O sırada koruma istediğim siparişleri getirmişti kafamı sallayarak teşekkür ettikten sonra eşyaları tezgaha koydum.

-"Biz çıkalım o zaman."

-"Tamamdır, görüşürüz keyfinize bakın başbaşa."
Begüm utanarak mutfaktan çıkınca Burak onun arkasından çıktı. Onların gitmesi üzerine şarkımı açıp yemek yapmaya başladım. Marine edilmiş balık ve mevsim salatası yapmayı düşünüyordum yemeği yapmaya başladım...

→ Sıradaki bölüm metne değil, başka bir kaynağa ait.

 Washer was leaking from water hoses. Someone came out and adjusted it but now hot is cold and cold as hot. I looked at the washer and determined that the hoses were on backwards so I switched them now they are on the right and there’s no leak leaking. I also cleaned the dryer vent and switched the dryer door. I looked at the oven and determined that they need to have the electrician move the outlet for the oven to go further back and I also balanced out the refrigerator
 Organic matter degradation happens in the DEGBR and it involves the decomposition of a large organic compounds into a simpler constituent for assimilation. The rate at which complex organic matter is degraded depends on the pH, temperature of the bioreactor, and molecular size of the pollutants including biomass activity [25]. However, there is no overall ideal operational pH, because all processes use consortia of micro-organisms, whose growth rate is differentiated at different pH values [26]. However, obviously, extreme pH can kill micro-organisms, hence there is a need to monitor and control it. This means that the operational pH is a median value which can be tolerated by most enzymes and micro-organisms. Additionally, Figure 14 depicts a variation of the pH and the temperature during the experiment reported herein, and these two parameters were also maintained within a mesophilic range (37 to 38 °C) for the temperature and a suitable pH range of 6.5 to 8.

Yaklaşık 1.5 saat sonra işim bitmişti her şey hazır olduktan sonra odama çıktım üstümdekilerden kurtulup duşa girdim hızlı bir duş alıp çıktım. Odama geri döndüğümde üstümdeki bornozdan kurtuldum iç çamaşırlarımı üzerime geçirdim onun ardından polo yaka elbisemi giydim saçlarıma elimle şekil verdim. Dudağıma bordo renklerde bir ruj sürüp, maskaramı kirpiklerime değdirdim. En son olarak saatimi taktıktan sonra aşağı indim masayı hazırlamıştım. Son olarak şarabı da masaya götürdüm ve evet her şey güzel gözüküyordu. 

Masaya göz atarken kapı çaldı öksürerek sesimi düzelttim ve kapıyı açtım. Ben sadece Hakan abi ve Tuğba ablayı beklerken arkalarında duran 5 tane 23-24 yaşındaki erkek sürüsünü elbette beklemiyordum. Aralarından sadece ikizim Çağrı'yı tanıyordum daha fazla bekletmemek amacıyla kapıyı sonuna kadar açtım. Herkes sırayla içeri girerken bende selam veriyordum.

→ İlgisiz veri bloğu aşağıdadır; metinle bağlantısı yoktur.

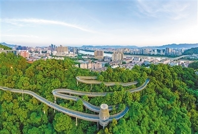生態(tài)道福建福州市在建設(shè)“福道”時,采取鋼結(jié)構(gòu)高架、鏤空橋面棧道、節(jié)點大跨度橋梁等創(chuàng)新設(shè)計,最大限度保護森林原生態(tài)。林雙偉攝(人民視覺)

En sonunda hepsi içeri girince kapıyı kapatıp arkalarından yürüdüm. Onları yemek masasına yönlendirdim. 
Onlar sandalyelere otururken, masaya beş tane daha servis açtım en sonunda balıkların servisini yapmaya başladım iyi ki fazladan yapmıştım kafamı seveyim be! Yanına herkes şarap isteyince şarapları doldurdum en sonunda bende oturduğumda yemekleri yemeye başladık ve hepsiyle teker teker tanıştık.

-"Eee kızım, şirketi nasıl yapacaksın?" dedi Tuğba abla sevecen sesiyle

-"Bugün tanıdığım bir mimarla konuştum benim için yapıyı 1 ay gibi kısa bir sürede yapacaklar." dedim

-"Ne iş yapıyorsun ki Beril?" dedi Haktan abi 2 dakika önce tanıştığımız abimiz

-"Ben 18 yaşında şirketimi kurdum ve işte 4 yıl gibi kısa bir sürede büyüyüp şirketimi geliştirdim." dedim

-"Nerede okudun peki?" dedi tekrardan Haktan abi

-"Şirketle uğraşırken Boğaziçi işletmeyi bitirdim."

-"Yani bizden önceki ailen bizim kadar varlıklıymış neden özel okulda okutmadılar ki seni?" dedi Hazan abi.


Selammm! Nasılsınız bakalım yazarınız yine kafasına göre bölüm atıyor kusura bakmayınızzz sizleri çook seviyoruum.